Little Big Horn College
- Type: Public tribal land-grant community college
- Established: 1980
- Parent institution: Crow Tribe
- Academic affiliations: American Indian Higher Education Consortium American Association of Community Colleges Space-grant
- President: Neva Tall Bear
- Location: Crow Agency, Montana, U.S. 45°36′12″N 107°27′22″W﻿ / ﻿45.60333°N 107.45611°W
- Campus: Rural;
- Colours: Gold, blue, and white
- Nickname: Rams
- Website: www.lbhc.edu

= Little Big Horn College =

Tribal college in Crow Agency, Montana, U.S.

Little Big Horn College is a public tribal land-grant community college on the Crow Indian Reservation in Crow Agency, Montana. It has an open admissions policy and welcomes enrollment from any adult with a high school diploma or GED. The student body is composed of Crow Tribal members (95 percent), members of American Indian Tribes from around the intermountain west (3 percent), and non-Indian residents of the Big Horn County area (2 percent).

==History==
Little Big Horn College was chartered in 1980 by the Crow Tribe of Indians as a public two-year community college. Dr. Janine Pease advocated the college's founding and was the college's first president. The name Little Big Horn comes from the smaller of the two rivers on the reservation, both receiving the distinction by the Big Horn Mountains, where the rivers originate. In 1994, the college was designated a land-grant college alongside 31 other tribal colleges.

==Academics==
LBHC offers six associate of arts and three associate of science degree programs, with one more associate of science degree program in a pilot stage. The courses of study are directed to the economic and job opportunities in the Crow Indian Reservation area, focusing on education, business, Crow studies, agriculture, office/technical work, and infrastructure. The school also offers seven one-year certificate programs.

==Campus==
The LBHC facility consists of 35000 ft2 of educational space. The LBHC campus is situated on two acres of wooded river valley.

The campus has committed itself to sustainable energy with a goal of carbon neutrality (net-zero emissions). In 2016, the campus installed a 45-kilowatt photovoltaic system on the Health and Wellness Center to capture solar energy, partially funded via grants from the Office of Indian Energy Policy and Programs through the United States Department of Energy.

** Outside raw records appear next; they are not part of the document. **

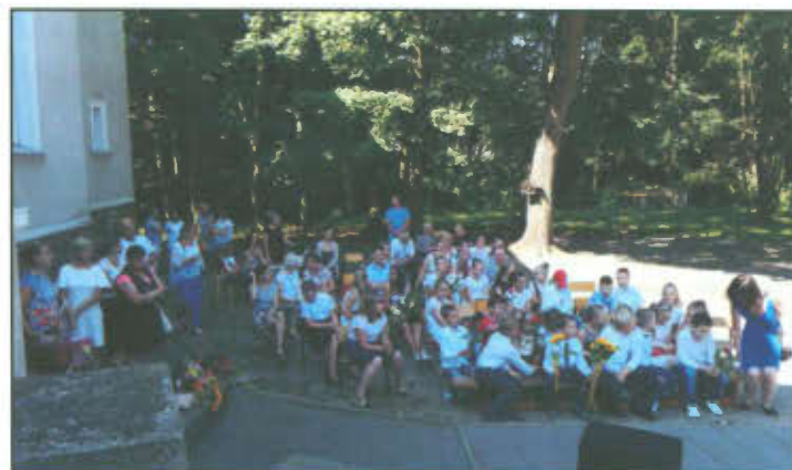
Uroczyste zakończenie roku szkolnego w Górcie Duchownej.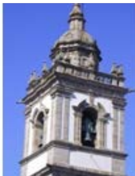
S. Vicente – Braga – 1742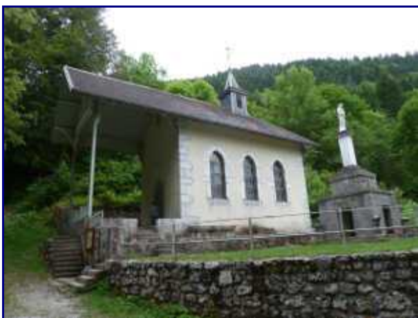
La chapelle de Bellevaux.

Cependant, le village comptait encore 40 personnes à la 2eme guerre.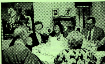
Pour clôturer les manifestations, un dîner impérial apprécié de tous les convives.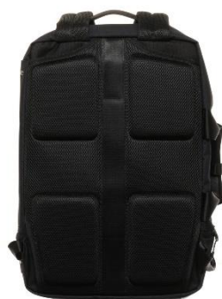
バッグの背当て面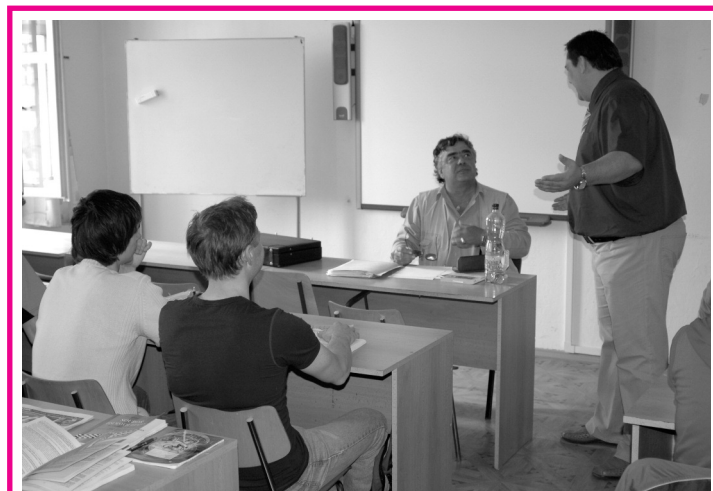
Zahájení kurzu CCV.

Organizátor si vyhrazuje právo na změnu termínu kurzu.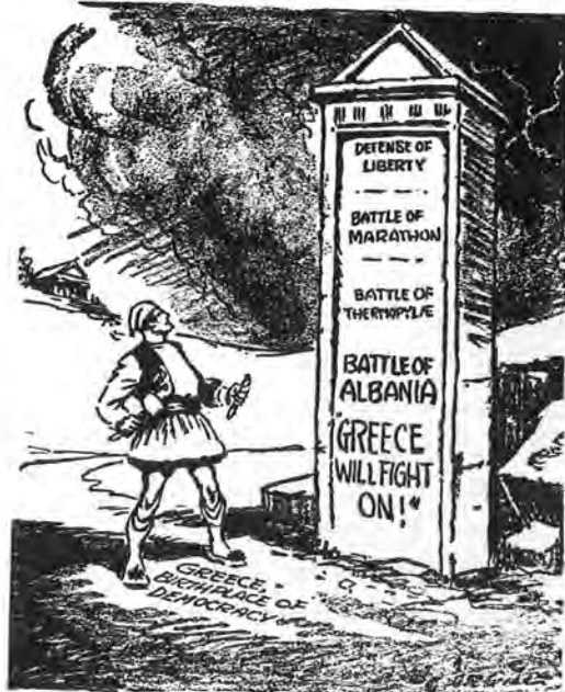
Addition to an Old Masterpiece

Ο άγγλοσαξωνικός Τύπος δεν παρέλειπε, κατά τον πόλεμο, να παινεύει την Ελλάδα και τον έλληνικό ήρωισμό με τὴ δημοσίευση επαινετικῶν άρθρων και ζωγραφικῶν συνθέσεων, ὅπου ὁ στρατιώτης τοῦ '40 ἀνακρυσσόταν ἰσάξιος τῶν μαχητῶν τοῦ Μαραθῶνος, τῆς Σαλαμίνας και τῶν Θερμοπυλῶν.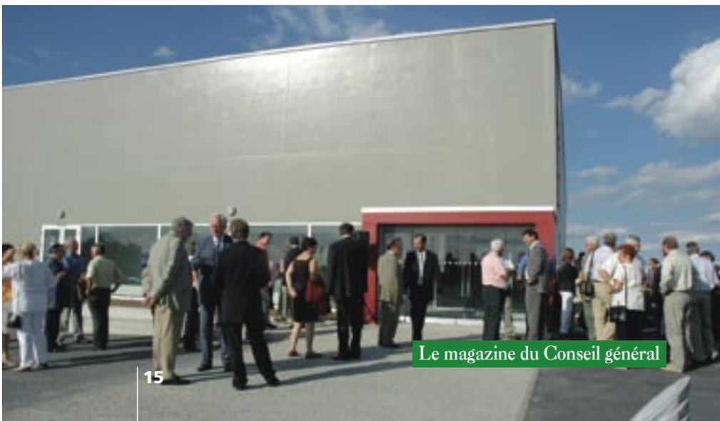
Le magazine du Conseil général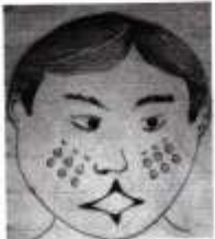
Clã de burití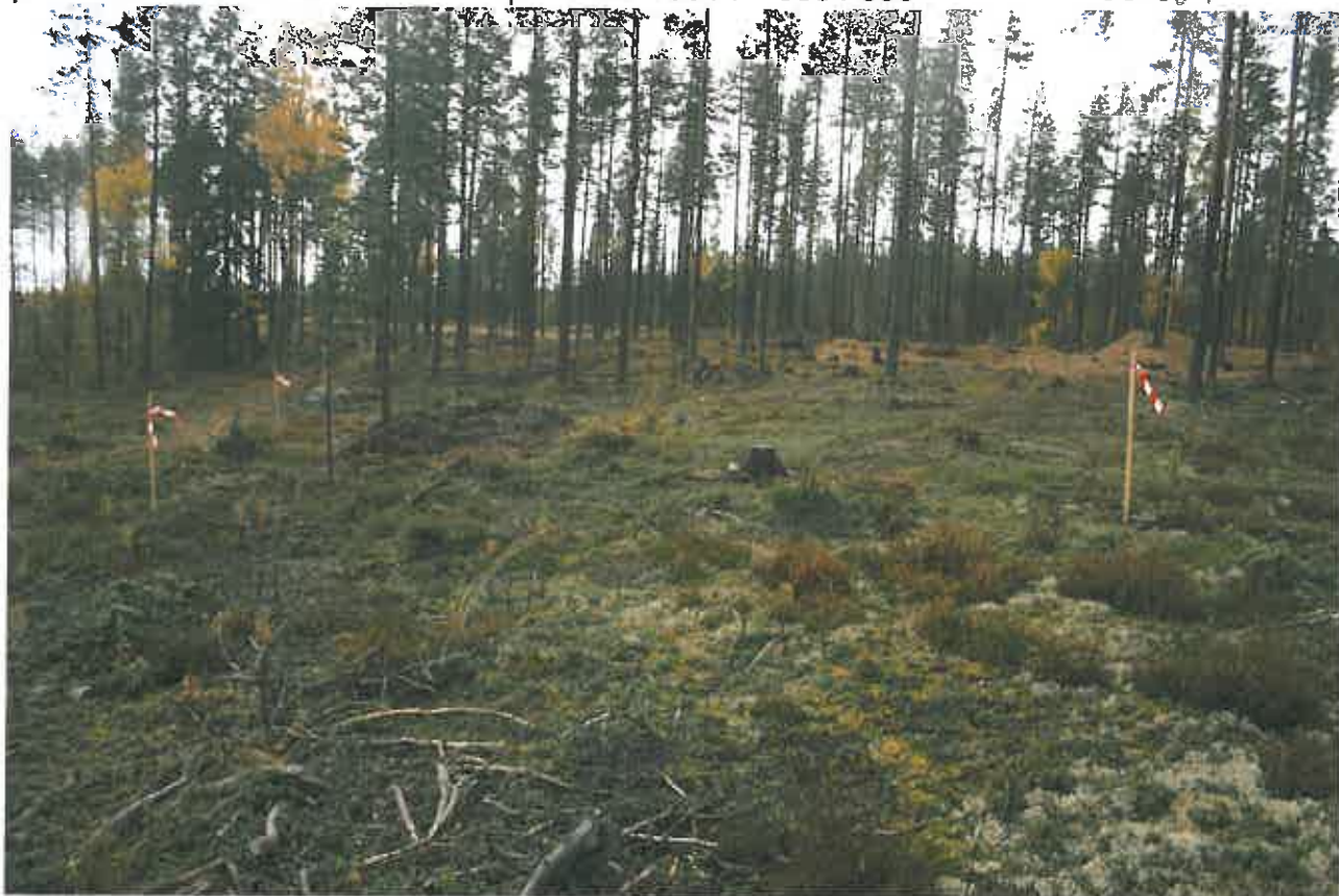
Kuva 11. Kohde 1000007636 Kauniinmetsänniitty 1. Kuvattu eteläkaakosta. Asuinpaikan lounaisosaa. Hiekkakasat kuvan oikeassa laidassa vuoden 2007 kaivausalueen vieressä.

In 2021, the college received a US$100,000 grant from the Institute of Museum and Library Services to build a new cultural center and museum, and the planning committee input from the tribe to fill the "need for exhibits within the reservation constructed and interpreted by Indigenous people", citing a recent Crow exhibit at the Field Museum of Natural History in Chicago, Illinois, as an example of a museum ensuring active representation. As part of the planning committee, Crow Studies adjunct instructor and former state representative Sharon Stewart-Peregoy gave statements to local news for more use of the Crow language in the museum, in alignment with community requests.

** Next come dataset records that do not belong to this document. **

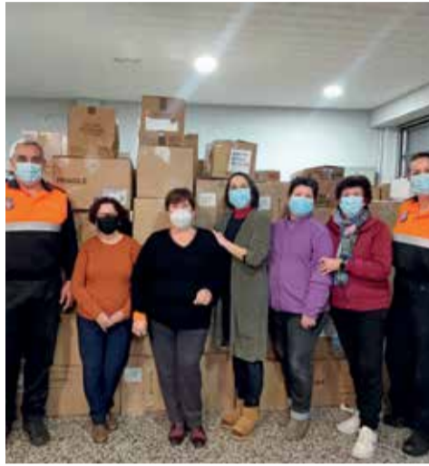
Material recaudado gracias a la colaboración de la población de Cheste.

material hasta el almacén de la Generalitat; y del personal de la Brigada, de la Oficina de Turismo y de los departamentos de Cultura, de Fiestas y de Deportes, que han participado en la recogida. Los puntos de recogida han es-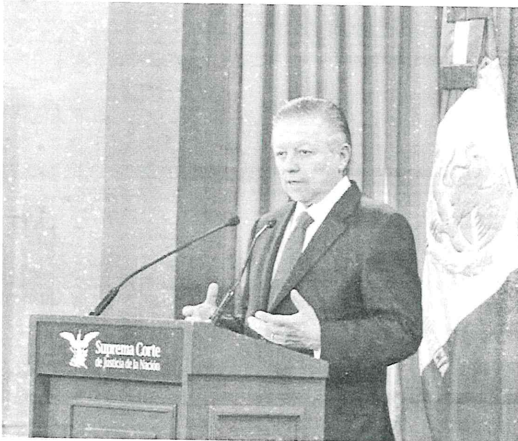
PROYECTO. El presidente de la Corte anunció estrategia en favor de mujeres e indígenas presas.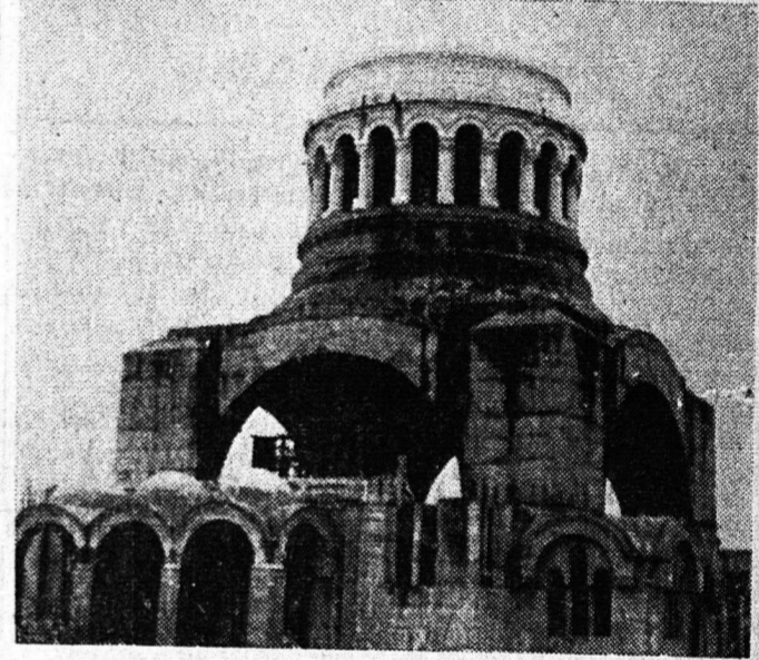
Χθесινή φωτογραφία του υπό ανέγειρον Ναού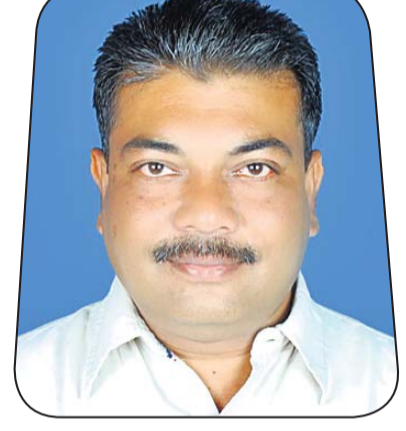
ହର୍ଷବର୍ଦ୍ଧନ ସିଂହଦେଓ ସୋମ୍ ଅଗୋ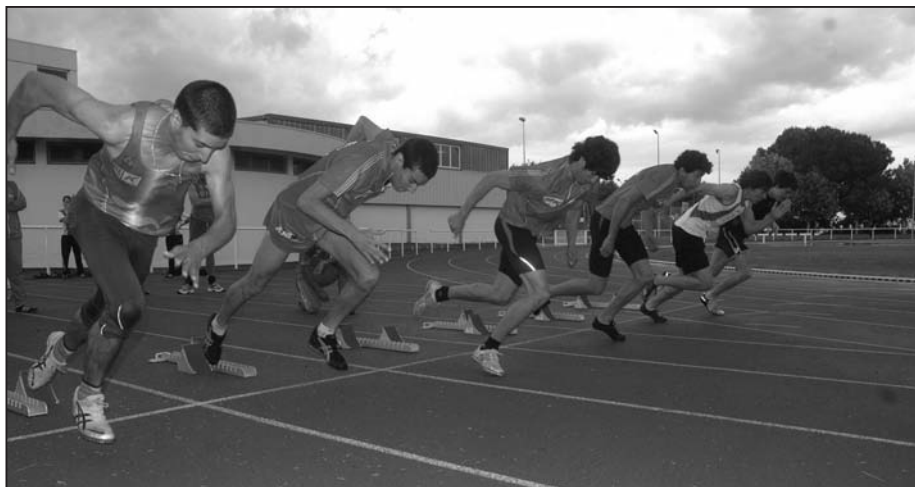
Départ du 100m Cadets

Heureusement, le lendemain, le soleil – malgré un léger vent – devait permettre à la compétition de se dérouler dans de bien meilleures conditions.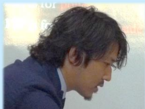
(公財)京都府国際センター 事業課主任

このセミナーは、日本国内で暮らす外国人の方々が、日本の災害について理解を深め、また企業のみならず外国籍従業員も含めた企業防災対策を推進するためのヒントを得ていただく事を目的としています。セミナーを通して災害時の対応方法や、防災の基礎知識を学びましょう。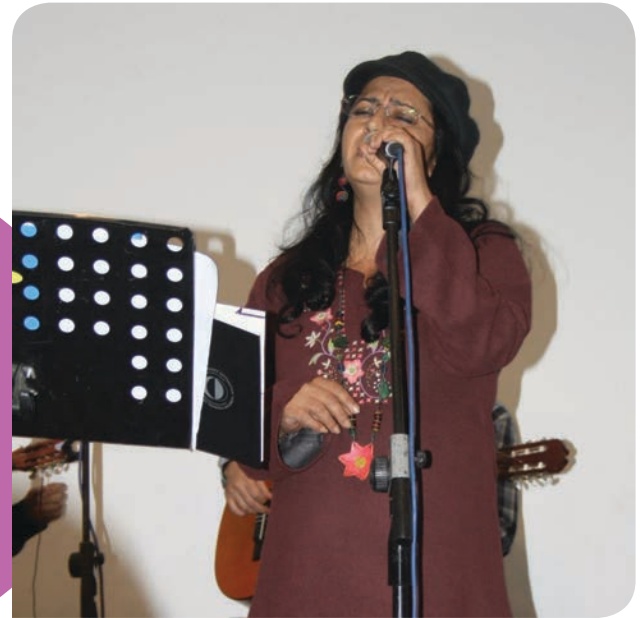
Grup Baria'nın sahne aldığı konser öncesinde, Kıbrıs'ta Kadına Yönelik Şiddet ve Sığınma Evi başlıklı bir bilgilendirme ve kadına yönelik şiddetle ilgili kısa film gösterimi yapıldı.

Feminist Atölye, sığınmaevine destek amacıyla bir süredir çeşitli faaliyetler yürütüyor. Bu çabaların bir parçası olarak 30 Kasım'da bir dayanışma konseri düzenledi.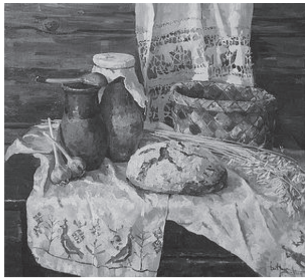
Кирилл Дацук. Русский натюрморт.

Другой аспект духовной жизни, совершенно выпадающий из поля зрения в наши дни, – это то, что православные превратились в каких-то «воскресных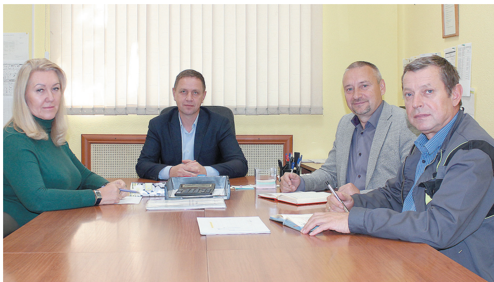
Производственники и технологи работают в постоянном контакте

Руководство компании уделяет большое внимание техническому перевооружению. Благодаря приобретению передового оборудования мы можем с высокой точностью определять различные характеристики резиновых смесей всех изготовленных замесов для получения качественной готовой продукции. Нормы установлены жесткие, и анализ показывает, что практически все резиновые смеси им соответствуют. Кроме того, бюро развития резин оснастили собственным лабораторным резиносмесителем. Он позволяет экономить материалы, своевременно отрабатывать режимы смешения резиновых смесей и опытную рецептуру по импортозамещению с трансляцией в производство, осуществлять входной контроль материалов. Новым оборудованием оснащается и лаборатория резин ЦЗЛ. Это позволяет за сравнительно короткое время создавать исключительные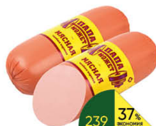
Колбаса ПАПА МОЖЕТ Мясная варёная, 500 г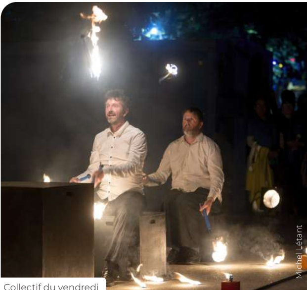
Collectif du vendredi

== Student life and activities ==
The college offers men and women's basketball leagues that compete in region nine of the National Junior College Athletic Association. At the campus's Health and Wellness Center, students can lift weights and take classes in yoga, aerobics, and nutrition education.

==Governance==
The college is directed by the board of trustees elected by districts within the reservation.

==Partnerships==
The college is member of the American Indian Higher Education Consortium, which is a community of tribally and federally chartered institutions working to strengthen tribal nations and make a lasting difference in the lives of American Indians and Alaska Natives. ANC was created in response to the higher education needs of American Indians. ANC generally serves geographically isolated populations that have no other means accessing education beyond the high school level.

The college has a partnership with Yellowstone Christian College.